Most of you have probably never heard of Bill Robinson. Heck, I’ve never heard of Bill Robinson. I've heard of “Will” Robinson, but now I'm dating myself.
Anyway, Bill Robinson is a movie producer and screenwriter of some note whose blog at HuffPo on Monday must have raised a few eyebrows, and caused many hung-over Oscar revelers to spit up their first cup of coffee. In his piece entitled “Sore Loser Mountain,” Robinson took on his fellow Hollywoodians’ collective concern that “Brokeback Mountain” was robbed of Best Picture honors at Sunday’s Academy Awards due to “the secret homophobia of Academy voters.” Robinson didn’t see it that way:
“Sorry, but I don't agree with the sore losers. Yes, homophobia exists all over the place, including among Academy voters, but the ‘Crash’ victory probably had more to do with the thousands of DVD's sent to voters, and the six-figure Oscar spending spree on its behalf. ‘Brokeback’ had garnered endless awards, and is the highest grossing best picture nominee. Is it really the victim of an anti-gay conspiracy?”

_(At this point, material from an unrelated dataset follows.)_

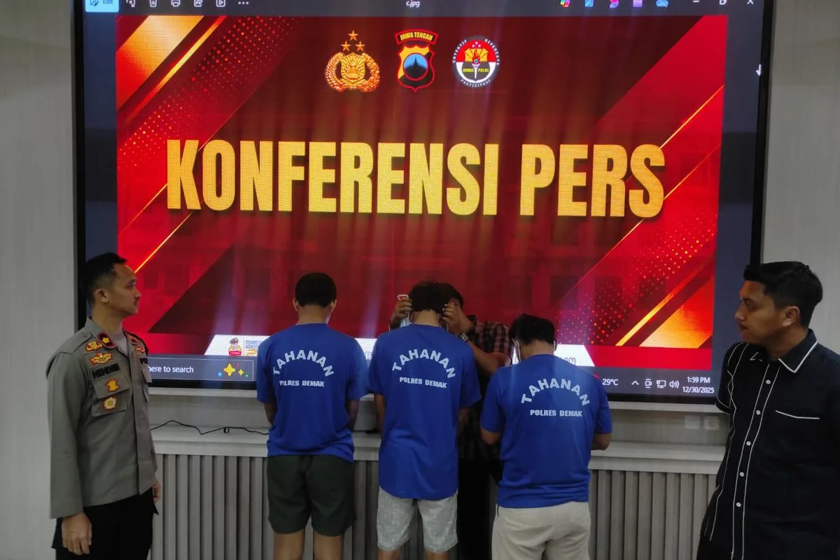 “Untuk perkara pengeroyokan yang mengakibatkan korban meninggal dunia, tadi malam Satreskrim Polres Demak kembali mengamankan tiga orang. Dua di antaranya merupakan anak yang berhadapan dengan hukum,” ujar Ari dalam konferensi pers di Mapolres Demak, Selasa (30/12/2025).
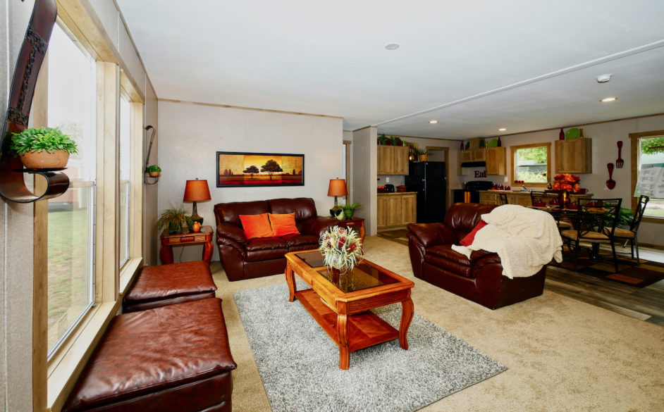 There are also many other additional options that you can add like upflow air vents in the ceiling, a gas furnace, a gas range, a dishwasher, and 42″ ceiling fans with lights, and 2″ vinyl blinds.

Hmmm. Clearly, Robinson was on thin ice here, for most of the posters and readers at HuffPo – especially the proprietor! – hate it when facts are brought into the discussion. Fortunately, Robinson wasn’t done. Next, he challenged the premise that “Brokeback” was an extraordinary movie deserving of Best Picture status:
“Even if you agree that ‘Crash’ allowed liberals to feel they had examined their souls just enough to avoid feeling compelled to vote for the unpalatable ‘gay cowboy’ movie, none of that changes the flaws in ‘Brokeback’. As much as many of us love the theme of the film, and what it represents, it was by no means a perfect movie. That is really a faulty premise on which to debate the ‘Crash’ upset. Even New Yorker critic David Denby pointed out the first half of Brokeback feels no more engaging than flipping through a stack of postcards.”
Ouch. This guy should be careful, or the next time he tries to post something, his ISP will be blocked! Yet, maybe most important was Robinson’s take that is likely shared by an overwhelmingly large majority of Americans: “Like a lot of people, my favorites of the year weren't among the final five.”
Neither were mine, Bill. Neither were mine.